Discussion in 'Mac Programming' started by scem0, Aug 12, 2013.

  1. macrumors 604


    Thanks for taking the time to help:

    I have a table of media each with a unique ID.

    *  ID  *  Filename   *
    *  56  *  Cat.jpg    *
    *  57  *  Dog.jpg    *
    *  58  *  Hitler.gif *
    I have a table of tags, each with a unique ID.

    *  ID  *  Attribute  *
    *  20  *  Funny      *
    *  21  *  Sad        *
    *  22  *  Confusing  *
    I have a table that matches the tags to the media:

    * Media ID * Tag ID *
    *  58      *  22    *
    *  58      *  21    *
    *  56      *  20    *
    So, in this example, hitler.gif is confusing and sad. Cat.jpg is just funny.

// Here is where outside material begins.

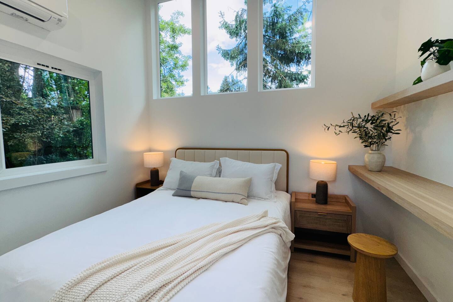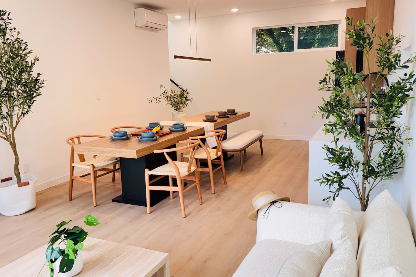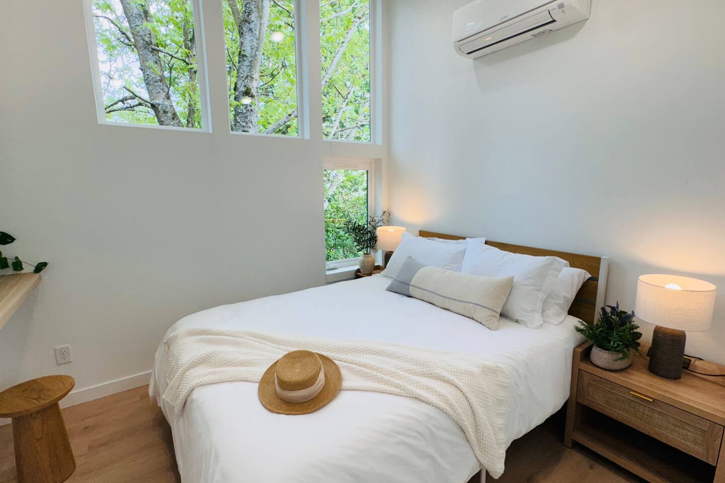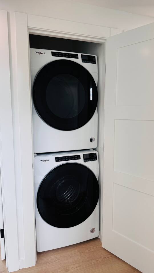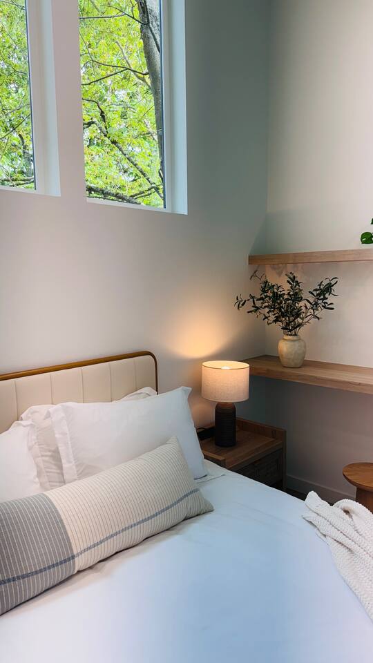 π Modern Luxury & Comfort: Step into your newly built designer retreat, featuring up to 15-ft ceilings, skylights, and oversized windows that fill the home with natural light. Every corner of this 4-bedroom, 2-bath home is crafted for elegance and function β perfect for families, business travelers, or long-term guests. β‘οΈ Modern Amenities: High-end finishes and contemporary design Samsung Bespoke appliances for a premium kitchen experience Central A/C and heating for year-round comfort Regular outdoor outlet by the front door to charge your EV (bring your own adapter and charging cable) In-unit washer and dryer for convenience π³ Gourmet Kitchen: Fully equipped kitchen with cookware, dishware, and utensils Sleek Samsung Bespoke refrigerator, oven, and microwave Coffee maker, toaster, and dining area for six π Sleeping Arrangements: Primary Bedroom: King bed with ensuite bath Bedrooms 2β3: Each with plush queen beds and storage Bedroom 4: Full bed. No curtain available Premium bedding and blackout curtains for restful sleep π³ Private Outdoor Space: Enjoy a private yard β ideal for morning coffee, reading, or entertaining guests Patio seating area and green space for relaxation π Convenient Parking: 1 assigned parking space in front of the house Tight driveway shared with the neighboring home β please park carefully Garage available but compact β best suited for small vehicles Free street parking also available nearby π§Ί Laundry: In-unit washer & dryer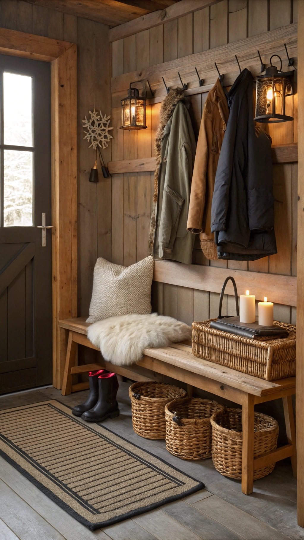 • Entryway boot zone: slatted mat, sturdy hooks, and a bench with a wool cushion.

    This table that associates tags with media will end up being HUGE. I don't mind it being huge, but I do need to be extra efficient when I work with it to keep CPU load down. I need an efficient way to find photos with very specific attributes. For example, I might need to find all photos that are both Funny (tag 20) AND Confusing (tag 22) but that are not also tagged as offensive (tag 25) OR NSFW (tag 30).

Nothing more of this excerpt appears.